Sailing Coach To Be Sentenced In College Admissions Scandal

By Tovia Smith NPR

Former Stanford University sailing coach John Vandemoer will be sentenced in federal court in Boston on Wednesday for his connection to the college admissions scandal. In what will be the first sentence handed down in connection with the scam, prosecutors are calling for a “meaningful” sentence of 13 months in prison to rebuild faith in what they call a “rigged” system.

Vandemoer has pleaded guilty to racketeering conspiracy for agreeing to take $610,000 in bribes from wealthy parents as quid pro quo for getting their kids into the elite school.

Coaches like Vandemoer were the key to the so-called side-door that many students around the nation illicitly slipped through to get into elite colleges. Coaches on the take would use their special slots meant for star recruits and instead sell them to the highest bidders. Often that meant admitting students purporting to be champion athletes in sports they never even actually played; photos were doctored to make them look like competitors.

In Vandemoer’s case, he has admitted to agreeing to designate two students as recruits in exchange for sums of $110,000 and $500,000. (Prosecutors allege Vandemoer also took an earlier payment of $500,000 for a third student’s admission, even though a timing snafu ultimately foiled that plan.)

Vandemoer “not only deceived and defrauded” Stanford, prosecutors write in their sentencing memorandum, “but also validated a national cynicism over college admissions by helping wealthy and unscrupulous applicants enjoy an unjust advantage over those who lack deep pockets or are simply unwilling to cheat to get ahead.”

“You will never be able to truly calculate the harm done when people learn that it’s a rigged game,” says Patrick Cotter, former federal prosecutor and now defense attorney with Greensfelder in Chicago. “That’s a terrible crime on society. We’ll never know how many kids gave up trying to get into good schools saying to themselves ‘I’m not going to make the effort because some rich kid is just going to buy his way in ahead of me. So why bother?’ ”

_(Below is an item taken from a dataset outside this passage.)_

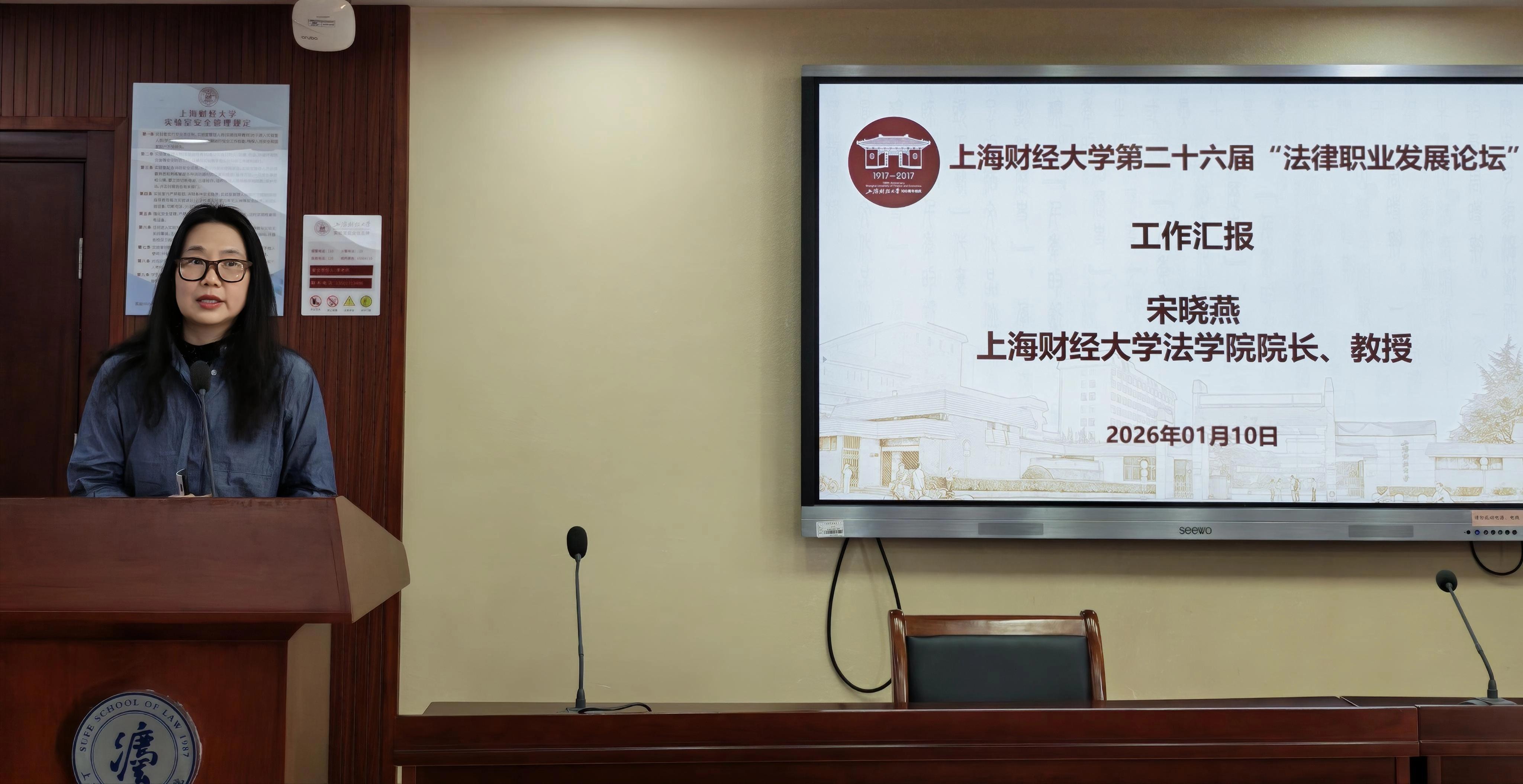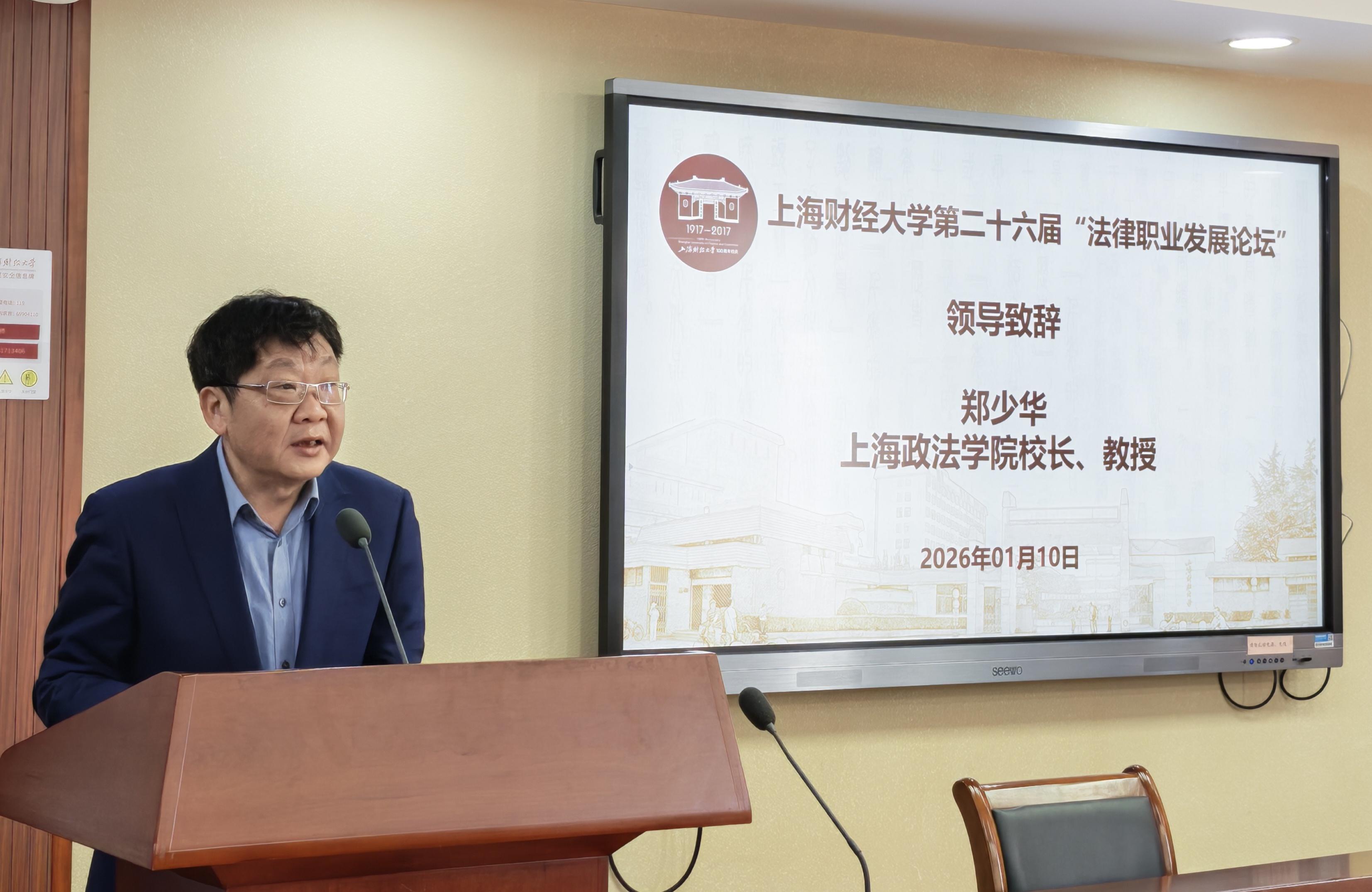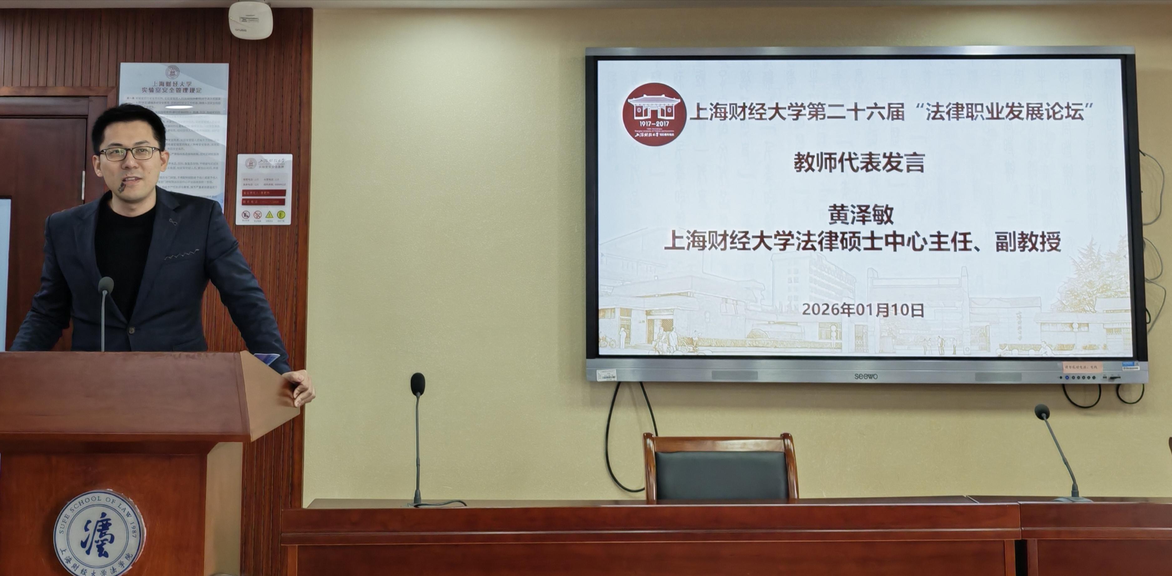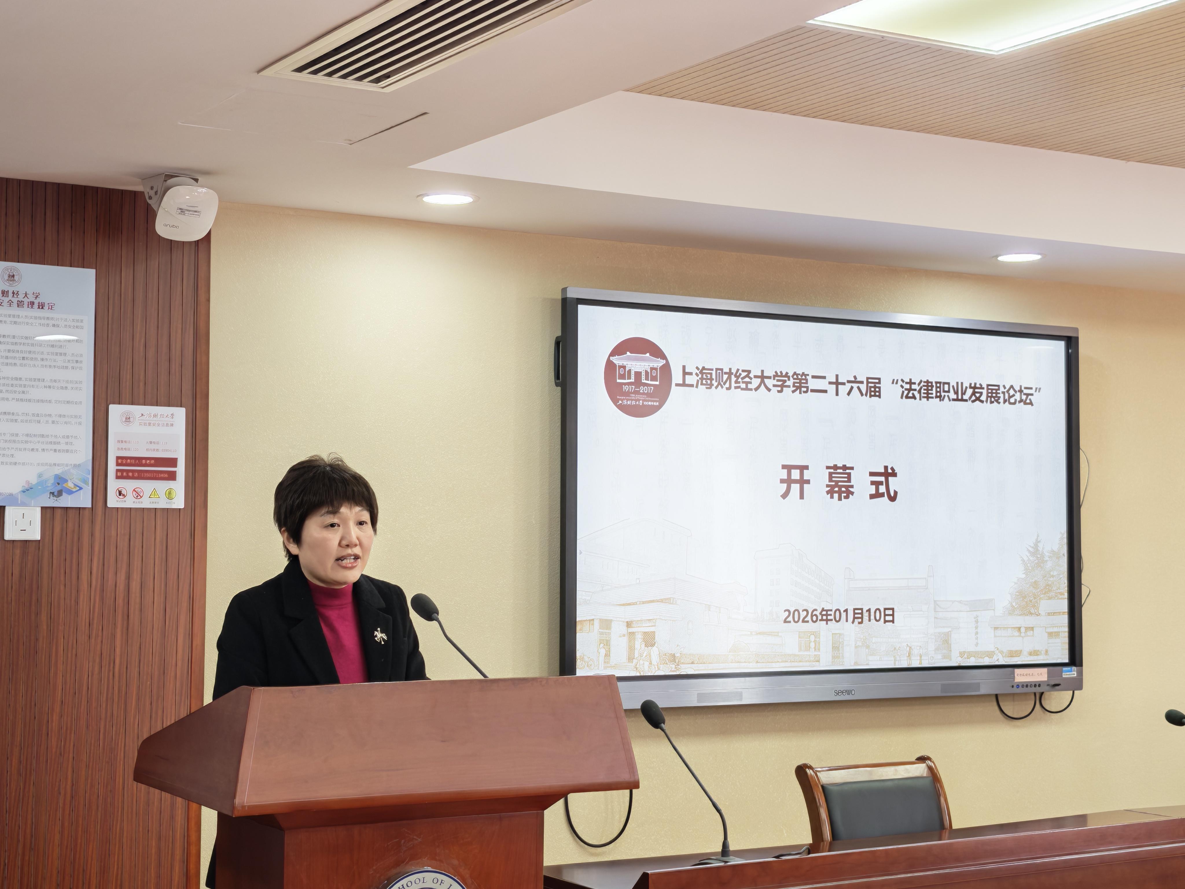 2026年1月10日,上海财经大学第二十六届“法律职业发展论坛”在法学院116会议室成功举办。来自法律界的五十余位嘉宾围绕法学教育、学科建设与就业指导三大主题展开研究与讨论。

Vandemoer’s lawyers, however, are seeking leniency, asking the judge for no time behind bars at all. They are seeking probation for the 41-year-old father of a 1-year-old and a 3-year-old. In their sentencing memorandum, defense attorneys describe Vandemoer as “fundamentally a decent family man” who “dearly regrets” his “terrible mistake” and has “worked hard to make amends.” They also argue he’s “perhaps the least culpable” of all 50 defendants in this case, since he never pocketed any money for himself; it all went to the sailing team to pay for uniforms, equipment and an assistant coach.

“Vandemoer’s intent, while misguided, was to help the sailing program he loved,” his lawyers write. And besides, they add, no student ever actually got into Stanford because of Vandemoer. Two students opted to go elsewhere and the third student, who was too late to be recruited, applied and got in through the normal process, but was kicked out this year, after Stanford learned that her resume contained false information.

Vandemoer’s lawyers have also sent the judge some 30 letters from family, friends and supporters, including former students and colleagues, extolling Vandemoer’s character.

“Honesty and integrity were more important [to Vandemoer] than victory,” wrote one parent.

“He’s known as a straight shooter; one who adheres to the rules closely,” said an attorney who has worked with Vandemoer in community sailing.

But former prosecutor Cotter says he doesn’t think Vandemoer is likely to get off with probation only.

Defense attorneys are “sailing into a headwind,” he says. “You know, if it was put up to a vote the public would probably send all these people to jail for 20 years.”

Indeed, many across the nation have been outraged as prosecutors revealed the brazen scam that also involved cheating on students’ SAT and ACT entrance exams. The government has amassed a mountain of damning evidence, including emails, wiretapped phone conversations and financial records, implicating coaches, parents, middlemen, test proctors and test takers. The mastermind, Rick Singer, has pleaded guilty to three counts of racketeering conspiracy and one count of obstruction of justice for taking some $25 million in fake donations. That could mean 65 years in prison. But Singer is hoping his sentence will be much lighter because he has been cooperating with the government to build cases against others.

More than a dozen parents have already pleaded guilty, including actress Felicity Huffman, who expressed “deep regret and shame.”

Another, New York attorney Gordon Caplan, choked up publicly, when he said he was “really sorry to my daughter who I love more than anything in the world, who knew nothing about this” and also to “all the other kids who are in the college admissions process and to all the parents who are helping them and supporting them.”

But nearly 20 parents, including actress Lori Loughlin, have dug in their heels and are fighting the charges. Attorney Martin Weinberg represents two defendants who have pleaded not guilty and say they’re looking forward to a trial to prove they did nothing wrong.

“Donations that are made on an everyday basis by parents of students to universities, we contend were not bribes, but were instead donations,” Weinberg says.

Meanwhile, Stanford says it wants nothing to do with that money, no matter what anyone calls it. The school says it considers the money tainted and is planning to redirect it “for the public good.” The school did not weigh in on how much time Vandemoer deserves when he’s sentenced.